Penulis: Christhoper Natanael Raja
TVRINews, Jakarta
Wakil Menteri Hukum (Wamenkum) Edward Omar Sharif Hiariej (Eddy Hiariej) menegaskan pembaruan Kitab Undang-Undang Hukum Acara Pidana (KUHAP) justru memperkuat mekanisme checks and balances dalam sistem peradilan pidana, sekaligus membantah anggapan kepolisian akan memiliki kewenangan tanpa pengawasan.
Menurut Eddy, desain KUHAP baru menempatkan pengawasan sebagai prinsip utama, baik melalui hubungan antarlembaga penegak hukum maupun mekanisme hukum yang dapat diakses masyarakat.
“Tidak benar kalau dikatakan polisi menjadi super power. Dalam KUHAP baru, kontrol terhadap penyidik itu sangat ketat,” ujar Eddy di Kantor Kementerian Hukum, Jakarta, Senin, 5 Januari 2026.
Ia menjelaskan pengawasan pertama datang dari hubungan koordinasi antara penyidik dan penuntut umum.
Dalam skema baru, jaksa memiliki peran pengendali yang kuat terhadap proses penyidikan, sehingga tidak ada lagi perkara yang dapat digantung tanpa kejelasan.
“Sekarang polisi tidak bisa berjalan sendiri. Setiap tahapan penyidikan terikat pada koordinasi dengan penuntut umum, dengan batas waktu yang tegas,” kata Eddy.
Pengawasan kedua dilakukan melalui perluasan objek praperadilan. Selain menguji keabsahan upaya paksa, praperadilan kini dapat digunakan untuk mengoreksi kelambanan penanganan perkara, perbedaan keputusan penahanan antara penyidik dan jaksa, hingga penyitaan barang yang tidak berkaitan dengan tindak pidana.

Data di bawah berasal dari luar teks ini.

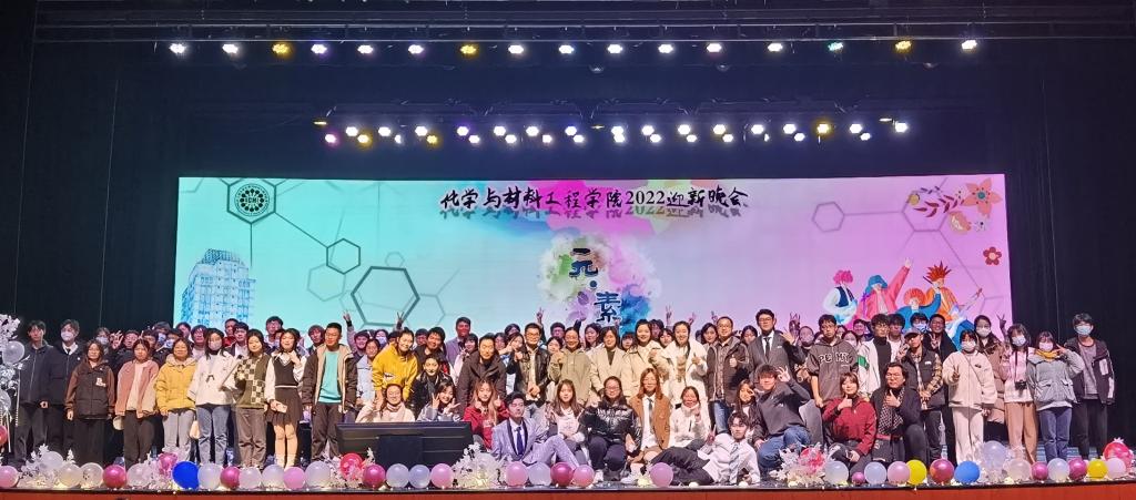 在文浩馆举行2022年“元素”迎新晚会。学院党委书记潘庆伟、党委副书记、副院长田卫平,化工系教授倪邦庆、学工办主任、分团委书记刘凡、辅导员鞠峰、杨璇、高静、郝林青、杭腾,新生班主任朱乙、董亮亮、宋晓青、张旭辉,新进教师代表张旭出席了此次活动。
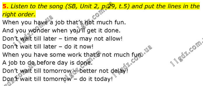 Listen to the song (SB, Unit 2, p.29, t.5) and put the lines in the right order. When you have a job that’s not much fun. And you wonder when you’ll get it done. Don’t wait till later – time may not allow! Don’t wait till later – do it now! When you have some work that’s not much fun. A job to do before day is done. Don’t wait till tomorrow – better not delay! Don’t wait till tomorrow – do it today!

“Semua upaya paksa kunci itu bisa diuji di praperadilan. Ini bentuk kontrol yudisial yang nyata,” ucap Eddy.
Eddy juga menyoroti kewajiban penggunaan kamera pengawas dalam pemeriksaan sebagai instrumen pengawasan langsung terhadap perilaku aparat penegak hukum.
Kamera tersebut, kata dia, bertujuan memastikan tidak terjadi penyiksaan, intimidasi, atau tindakan tidak manusiawi terhadap tersangka, korban, maupun saksi.
Lebih jauh, KUHAP baru secara eksplisit melarang penyidik dan penuntut umum bertindak sewenang-wenang atau merendahkan martabat manusia.
Pelanggaran atas ketentuan ini tidak hanya berdampak etik, tetapi juga dapat berujung pada sanksi pidana.
“Ini bukan sekadar imbauan moral. Ada konsekuensi hukum yang tegas,” tutur Eddy.
Selain itu, peran advokat diperkuat sebagai bagian dari sistem pengawasan. Advokat berhak mendampingi klien sejak tahap penyelidikan dan dapat mengajukan keberatan yang wajib dilampirkan dalam berita acara pemeriksaan.
“Dengan adanya catatan keberatan itu, hakim bisa menilai bagaimana proses pemeriksaan berlangsung sejak awal,” kata Eddy.
Eddy menegaskan seluruh pengaturan tersebut menunjukkan KUHAP baru dibangun dengan prinsip keseimbangan kekuasaan, bukan dominasi satu lembaga.
“Checks and balances itu inti dari sistem peradilan pidana yang sehat. Itulah yang ingin diwujudkan melalui KUHAP baru,” ujar Eddy.